Digital images of the infarct area (IN), the ischemic area at risk for infarction (AAR), and the total LV area were assessed by two observers blinded to the genotypes using analysis software (NIH ImageJ). For each photograph, the planimetric ratios of AAR to LV area and IN to LV area were multiplied by the weight of the heart slice. The weighted ratios were averaged and expressed as percentages to estimate the amount of injured tissue within each heart.
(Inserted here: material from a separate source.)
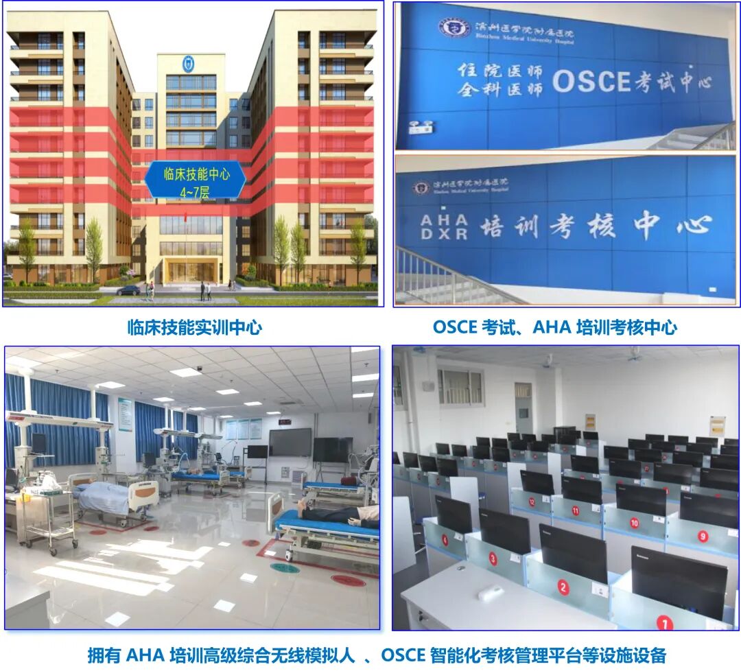 滨州医学院附属医院1998年被认定为省级住培基地,2014年获批为首批国家住院医师规范化培训基地,设立26个专业基地。现拥有建筑面积15000余平方米的临床技能实训中心、OSCE考试及AHA培训考核中心,拥有全功能模拟病人-SimMan、OSCE智能化考核管理平台、腹腔镜模拟训练系统、3D打印、全息投影眼镜、高智能分娩机转示教模型、数字式手术教学转播系统等培训设施设备,可实现模拟训练、信息化教学、标准化病人(SP)应用及OSCE考核等功能。

Immunohistological analysis.
Twenty-four hours after actual or sham-operated coronary ligation, 2-mm-thick heart sections were fixed in 10% neutral-buffered formalin. Each section was paraffin embedded and sliced into 4-μm samples that were mounted on slides (Superfrost plus, VWR, Suwanee, GA). After air drying and heating at 60°C for 30 min, the slides were deparaffinized and pretreated with Target Retrieval Solution (pH 6.0) (Dako, Carpintera, CA). Endogenous peroxidase activity was quenched with 0.3% H2O2. As previously described, infiltrating neutrophils were identified by their myeloperoxidase staining (17). Myocardial sections were incubated with a rabbit anti-myeloperoxidase antibody (1:1,000, 30 min, Dako). After being rinsed, the sections were incubated with a secondary peroxidase-conjugated AffiniPure [F(ab′)] fragment donkey anti-goat antibody (1:100 dilution, Jackson ImmunoResearch, West Grove, PA) for 1 h. After the sections were rinsed twice with phosphate-buffered saline at room temperature, the bound antibody was detected with diaminobenzidine substrate (Dako). Negative control slides were processed in a similar manner but lacked the primary antibody. The slides were counterstained with hematoxylin (Richard-Allan Scientific, Kalamazoo, MI). The slides were analyzed under a light microscope at ×1,000 magnification. Myeloperoxidase-stained cells were counted in 20 randomly selected fields in noninfarct zone and averaged.
Additional sections were probed for P-selectin by immunohistochemistry using a goat anti-P-selectin antibody (1:100 dilution, Santa Cruz Biotechnology, Santa Cruz, CA) for 30 min at room temperature. The P-selectin antibody was detected as described above. The average P-selectin stained area in each heart was assessed in seven randomly selected fields containing vessel sections at ×200 magnification using the computerized planimetry analysis software program (NIH ImageJ).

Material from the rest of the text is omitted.